Masterson, who worked as a reliever at the time of being traded from Boston is now a member of the Cleveland rotation, has had quite the bounce-back season a year after going 6-13 with a 4.70 ERA.
The wins aren't there for the lanky right-hander, but other than that, the stats paint a pretty impressive picture for the 26-year-old. He's a virtual lock to surpass his career high in innings pitched. Same with strikeouts. His WHIP is the best it's ever been. And his ERA is a half-run better than he's ever posted.
The man who is widely considered one of baseball's good guys continues to murder right-handed batters, holding them to a .214 average this season. He's going to need to do a better job of getting left-handed bats out, but the Tribe has to be impressed with his progression.
As Masteron continues the best year of his young career at Fenway Park on Thursday, it's worth looking back at the deal that sent Masterson and a pair of prospects to Cleveland in exchange for Victor Martinez.
Martinez has since moved on from Boston after signing with Detroit in the offseason, but his time in Boston left an impact.
When Martinez was acquired before the 2009 deadline, the Sox were ready to make a playoff push, and Martinez was considered one of the best players available at the deadline. All he did was hit .339 down the stretch for the Red Sox before making the 2010 All-Star team in his only full season with the club.
Acquiring Martinez was the right move at the time, and in hindsight, you can't argue the fact that the Sox got one of the best-hitting catchers in baseball. He has, however, since moved on, while the Indians continue to reap the benefits of not only having Masterson in the fold, but two other up-and-coming prospects as well.
Nick Hagadone and Bryan Price, the two prospects sent from Boston to Cleveland, continue to develop in the minors.
Hagadone, the tall left-hander who was a first-round pick of the Sox in 2007, has been used by the Indians as a reliever since they acquired him. He's made the jump from Double-A to Triple-A in 2011, and he really hasn't missed a beat. Hagadone boasts an impressive 1.23 WHIP to go along with an average of just a hair under 10 strikeouts per nine innings. Really, it's starting to look like it's just a matter of time before Hagadone is working out of the pen at the big league level for the Tribe.
Meanwhile, Price remains a bit of a wild card.

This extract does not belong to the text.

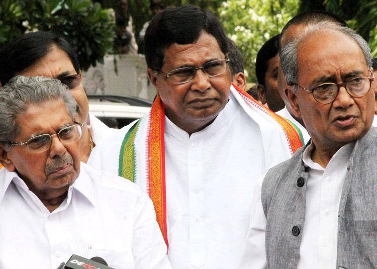 AICC observers Digvijay Singh, Vayalar Ravi with the newly elected Telangana CLP leader K Jana Reddy speaking to media at Gandhi Bhavan here on Tuesday.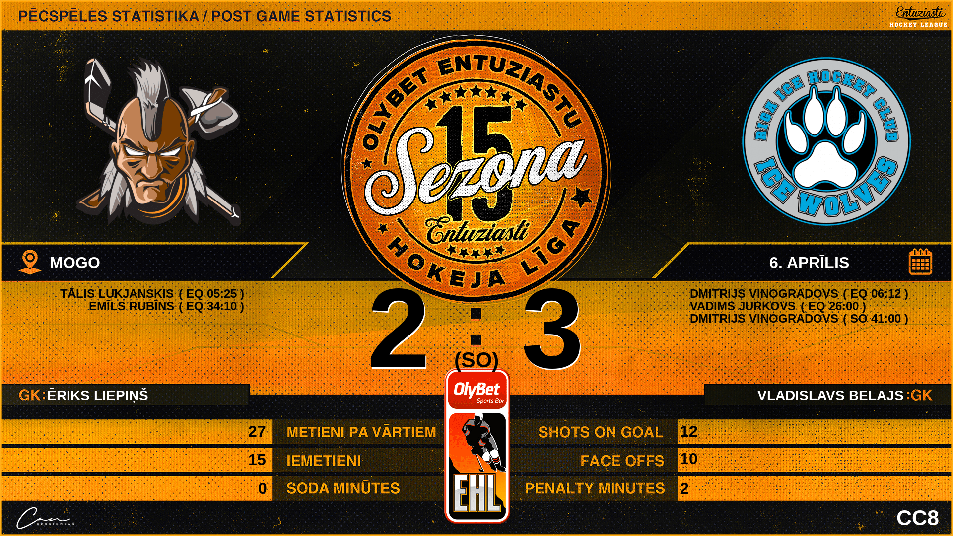 | 43:00 | WF5 | SO vārti | #29 Dmitrijs Vinogradovs |

He's certainly not as close as Hagadone, but he continues to plug away at Double-A Akron. He continues to throw strikes though — he's issued just 36 walks in 106 innings over the last two years — and that is something that can't be overlooked. Still, it's safe to assume that Price isn't knocking on the major league door at the moment.
As we're starting to get a clearer picture of what this trade looks like in retrospect, more time is still needed. Masterson needs to prove that he can find consistency as a starter and put together multiple strong seasons. Hagadone will soon have to prove that he can make the jump and get big league hitters. And if both of those guys can do those things, it really won't matter what Price does, and any success he has for the Indians will be gravy.
Again, acquiring Martinez was the right move to make for the Red Sox at the time in 2009, and you always have to give up something to get something. But looking at these things in retrospect is always fun. However, if Masterson is throwing seven solid innings next year before turning things over to Hagdone to close the door, it will be just a little less fun for Red Sox fans watching from afar.